The ultimate boat test of ultimate destiny
  |  First Published: February 2017

I’ve said this before and I’ll say it again. It’s a mystery to me why the Dudds haven’t been signed up by a boat builder. If there is one group on the planet that would advertise how tough and durable your product is, it would be the Dudds.

Think about this, Quintrex, or Polycraft, or TABS or Seajay. A trial of your hull for twelve months and at the end of that time, you get the naming rights for the hull model. I can see the ad now: Polycraft Ocean Dudd, Proven on the Water. I can see people lining up to get this boat. There are buyers out there who are genuinely hard on their gear, who actually fish like we do – flat out or go home.

And what’s the use of having a sleek craft that looks the goods if it doesn’t stack up to a stack up? That’s like this latest demand to have a wrap on your boat with a picture of a barra with its mouth gaping open and an angry look in its eye. What sort of annoys me is the angry look in the eye, because fish don’t really get angry. They just do what they’re designed to do, which is eat things. This happens to coincide with our idea of anger, but that’s another column right there, so I’ll block up right at that point.

Back to the wraps: personally I can’t think of anything I’d be less likely to order on a new boat if I ever managed to snare one. That wrap becomes a catalogue of all the ridiculously inept decisions I’ve made while behind the wheel of the boat. Why on earth would I leave that out there for people to laugh at? I may as well get a waterproof iPad, stick it on the transom at the ramp, and replay stupid accidents I’ve had to keep people entertained.

But anyway, boat makers, I’ve seen the ads around the place with wannabe Dudds on these ads for beer, or tackle shops or whatever, and these guys are all absolute amateurs. I don’t understand why these companies pay presumably big coin to imposters. Why would you hire the Monkees, if you could pay the same price and get the Beetles? If you want to have people’s respect, why wouldn’t you employ the best and most destructive?

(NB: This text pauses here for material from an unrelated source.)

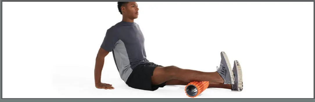 Sit with back straight, hands on floor positioned under shoulders with arms extended supporting upper body. Bend one leg; straighten opposite leg and position roller just above knee under back of upper leg with heel off floor and toes pointed forward.

These pretend losers haven’t got the same appeal to the masses of boat buyers that we have. The same authenticity, the same cachet. It’s the Dudds that have got the runs on the board when it comes to carnage. It’s like buying a watch advertised by Adam Sandler when you should be getting George Clooney. Not that I’m comparing the Dudds to George Clooney. Can you imagine him charging into a rock bar on Baffle Creek? Wouldn’t happen. That’s where the Dudds have the market absolutely cornered. Can you imagine one of the Dudds charging into a rock bar on Baffle Creek? Of course you can. But what boat are we in, and how well does it survive?

Over to you, Polycraft. Or Quintrex. Or TABS. Whoever.